##### GIVEN MATERIAL
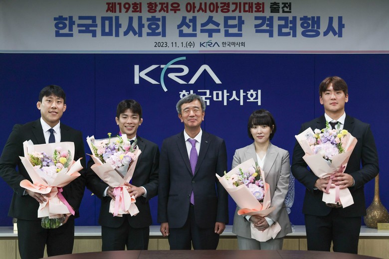 [세계타임즈 = 송민수 기자] 한국마사회는 지난 1일 정기환 마사회장이 과천 소재 본관 회의실에서 제19회 항저우아시안게임에 출전한 유도 및 탁구 국가대표 선수들을 격려하고 포상금을 수여했다고 밝혔다.
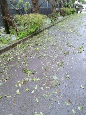 3枚目の写真のように、雹によってたくさんの葉や小枝が地面に散乱していましたが、PTAの皆様のおかげで何事もなかったかのようにきれいになりました。
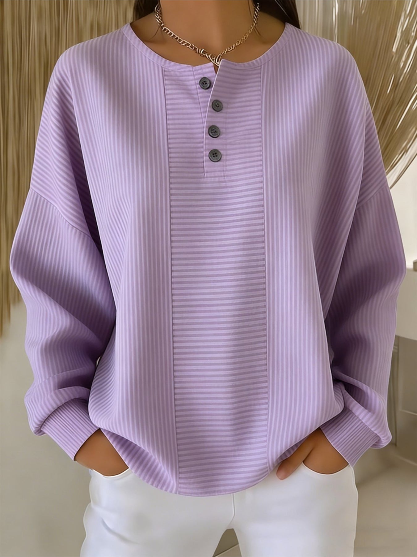 Colorful Ribbed V Neck Braided Print Long Sleeve Regular Sweatshirt
##########
> _WORK TASK_
Retype the data word for word, please, and keep the images out.

> _TASK RESULT_
 [세계타임즈 = 송민수 기자] 한국마사회는 지난 1일 정기환 마사회장이 과천 소재 본관 회의실에서 제19회 항저우아시안게임에 출전한 유도 및 탁구 국가대표 선수들을 격려하고 포상금을 수여했다고 밝혔다.
 3枚目の写真のように、雹によってたくさんの葉や小枝が地面に散乱していましたが、PTAの皆様のおかげで何事もなかったかのようにきれいになりました。
 Colorful Ribbed V Neck Braided Print Long Sleeve Regular Sweatshirt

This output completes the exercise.